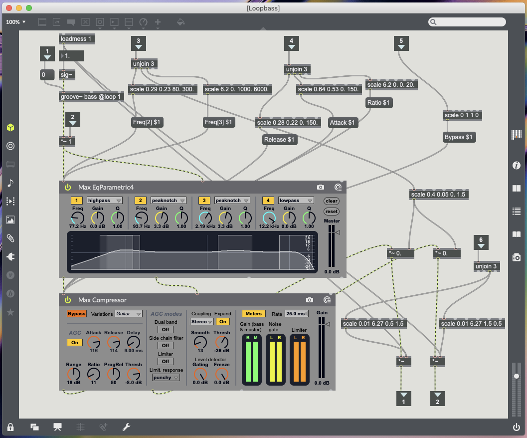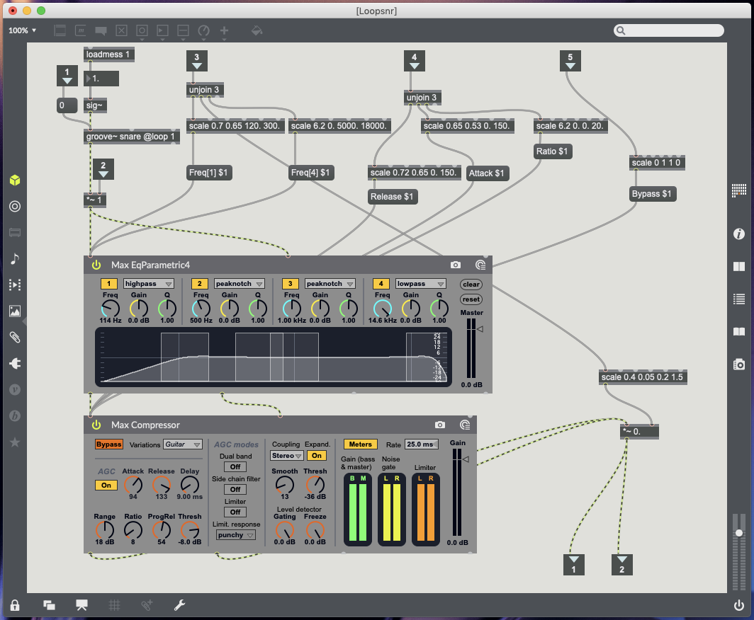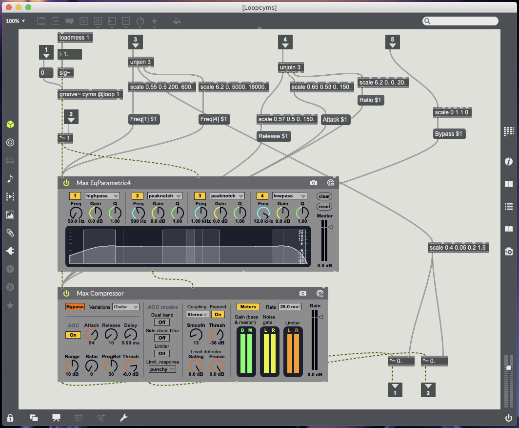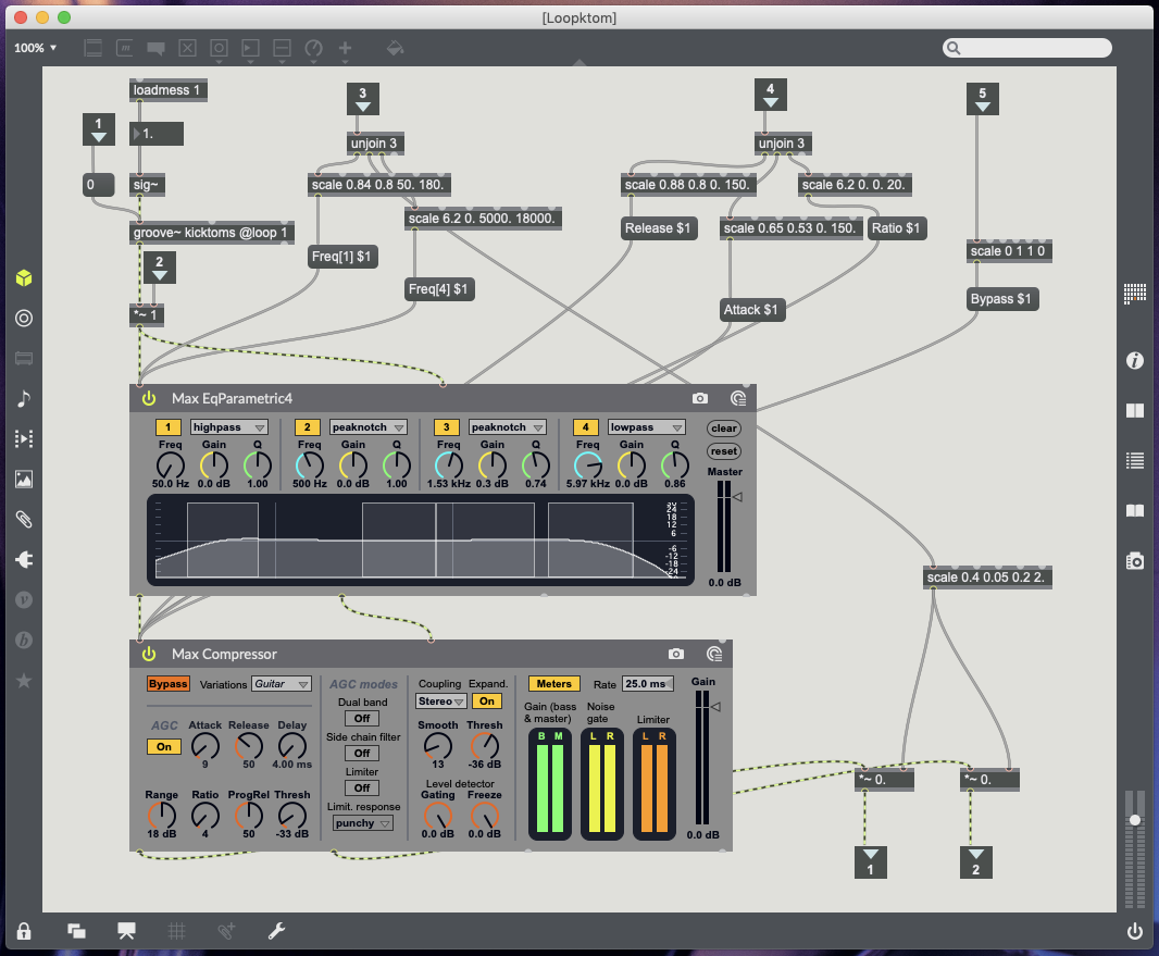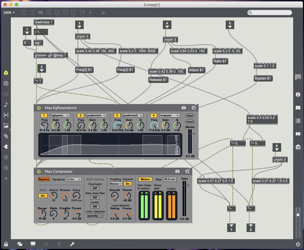 30 – Guitar – Update Object sends 1 to volume to turn mute off, Remove Object sends o to volume to turn mute on (post Groove object pre plugins), X data controls EQ peak notch (+3db) between 150Hz and 400Hz, Y data controls volume, Rotation controls EQ peak notch (+3db) between 1000kHz and 6000kHz (see Fig 5.6.).
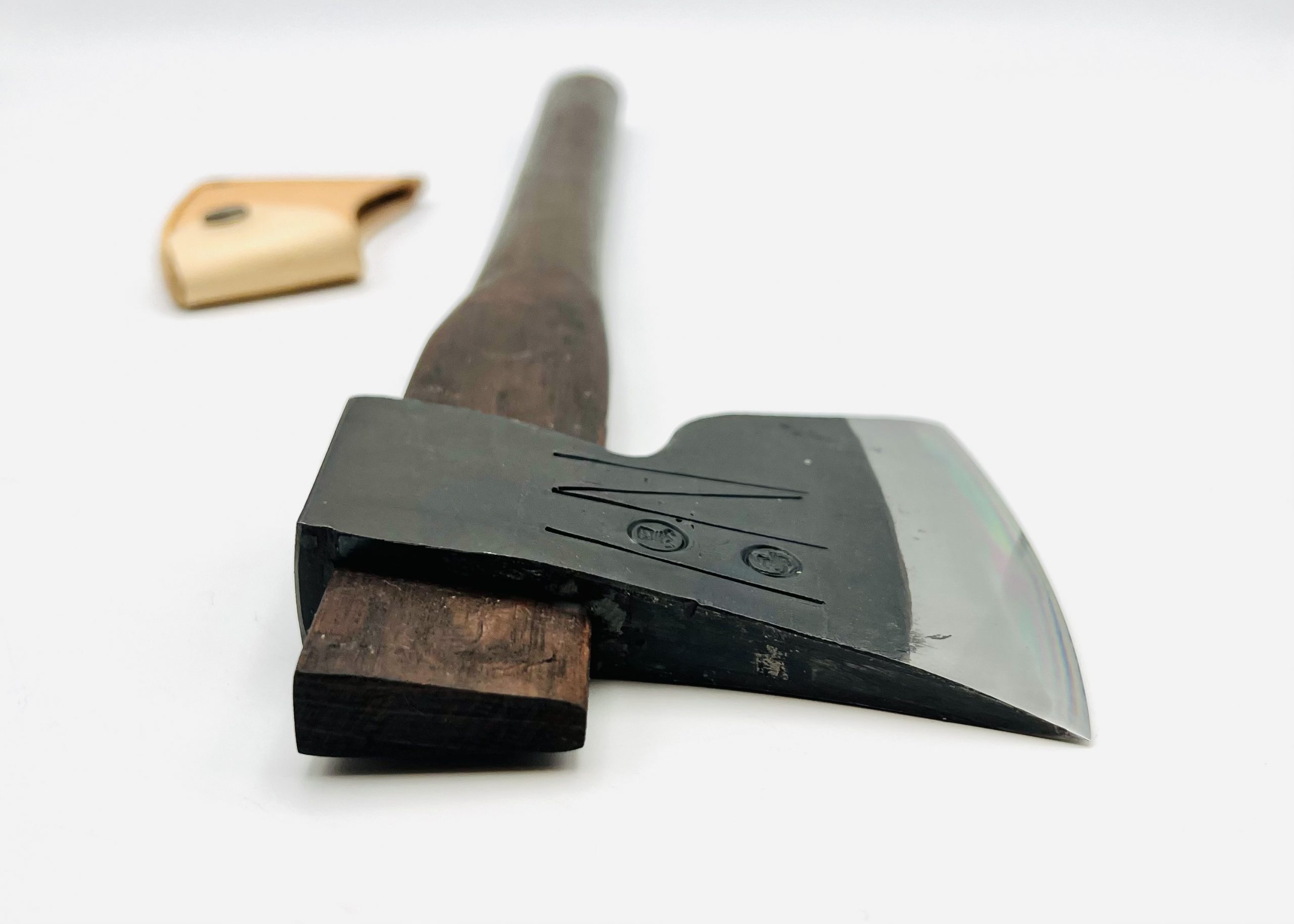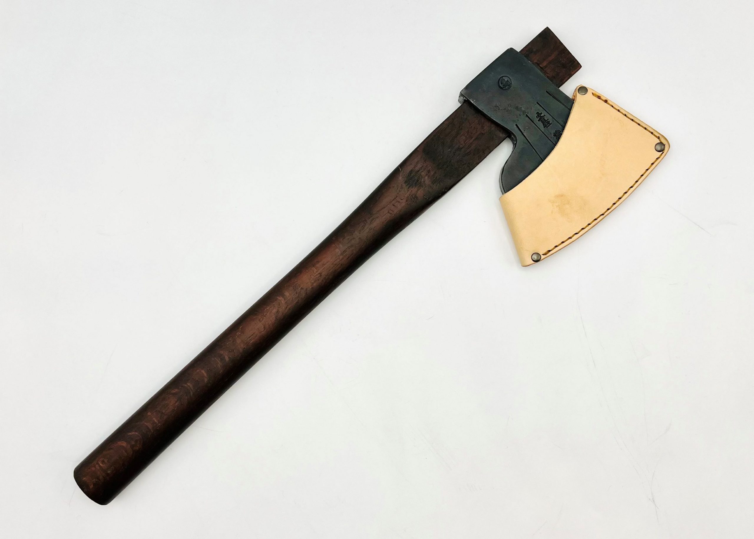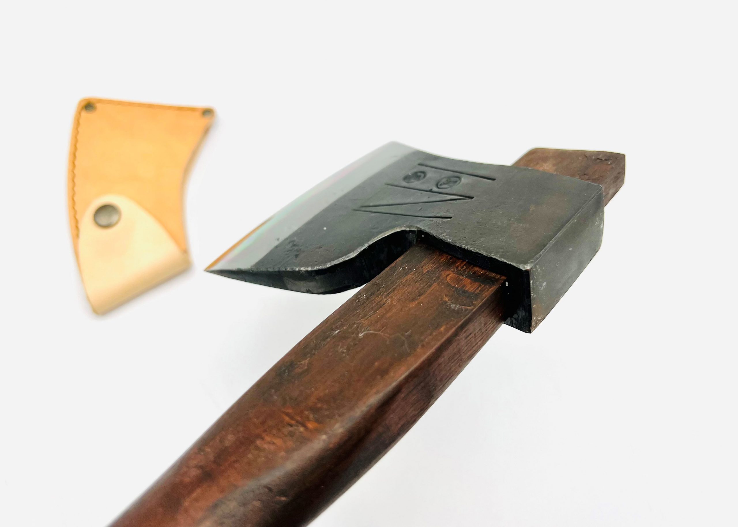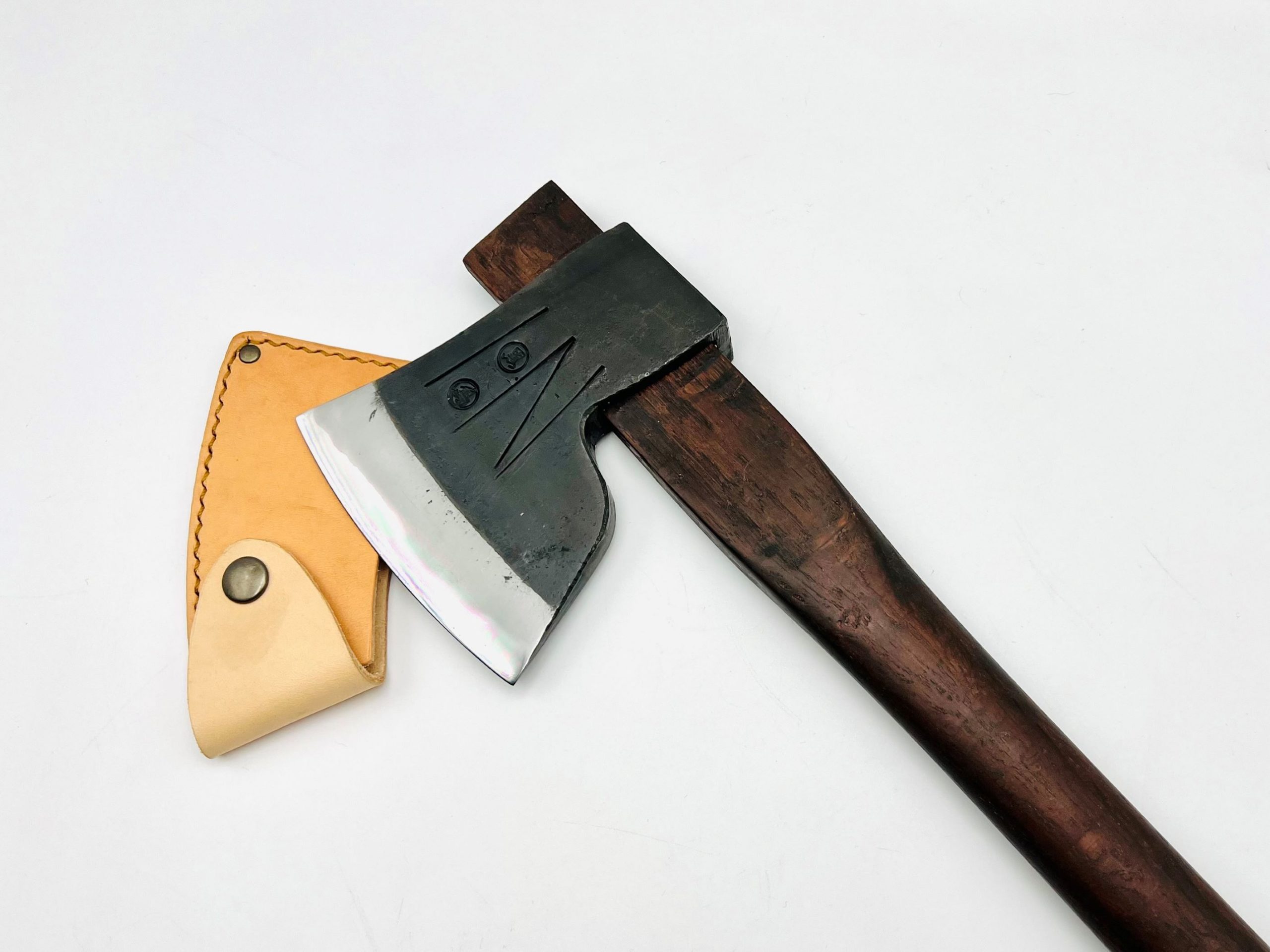 | 商品名 | 樫柄 鉄・鋼(青二)手斧 シュロ縄&革シース付 |
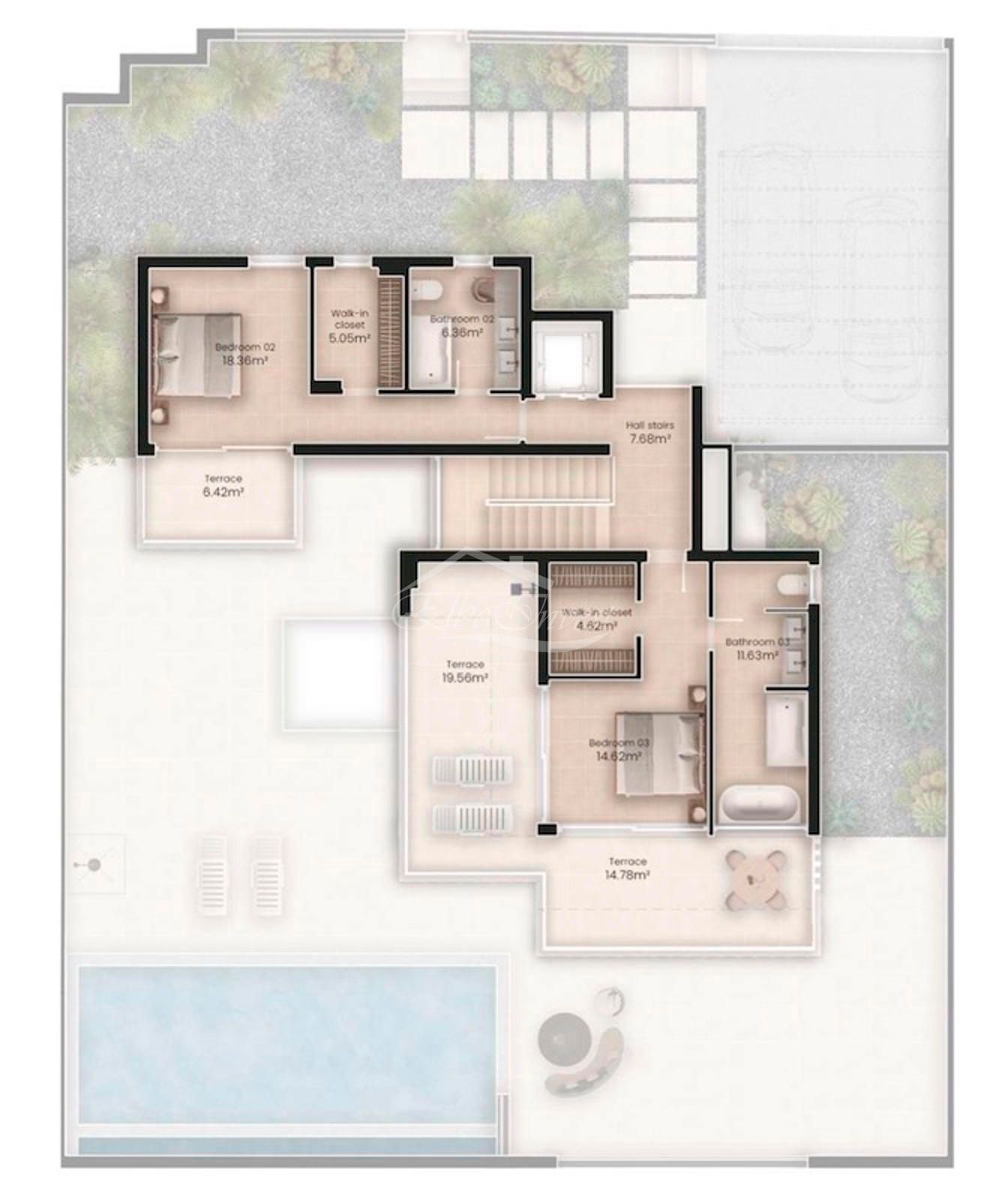 La propiedad se asienta sobre una parcela privada de aproximadamente 500 m² y cuenta con más de 300 m² construidos, distribuidos en tres niveles: planta principal, planta superior y planta inferior. Dispone de tres dormitorios en suite, uno o dos de ellos con vestidor, una cocina abierta integrada en el salón y un aseo de cortesía en la planta principal.

***

**Description of the task:**
Begin at the top of the material above and output each line exactly, stopping after the line that holds "鉄・鋼(青二)手斧 シュロ縄&革シース付 |". Leave out pictures.

**Result of this task:**
 30 – Guitar – Update Object sends 1 to volume to turn mute off, Remove Object sends o to volume to turn mute on (post Groove object pre plugins), X data controls EQ peak notch (+3db) between 150Hz and 400Hz, Y data controls volume, Rotation controls EQ peak notch (+3db) between 1000kHz and 6000kHz (see Fig 5.6.).
 | 商品名 | 樫柄 鉄・鋼(青二)手斧 シュロ縄&革シース付 |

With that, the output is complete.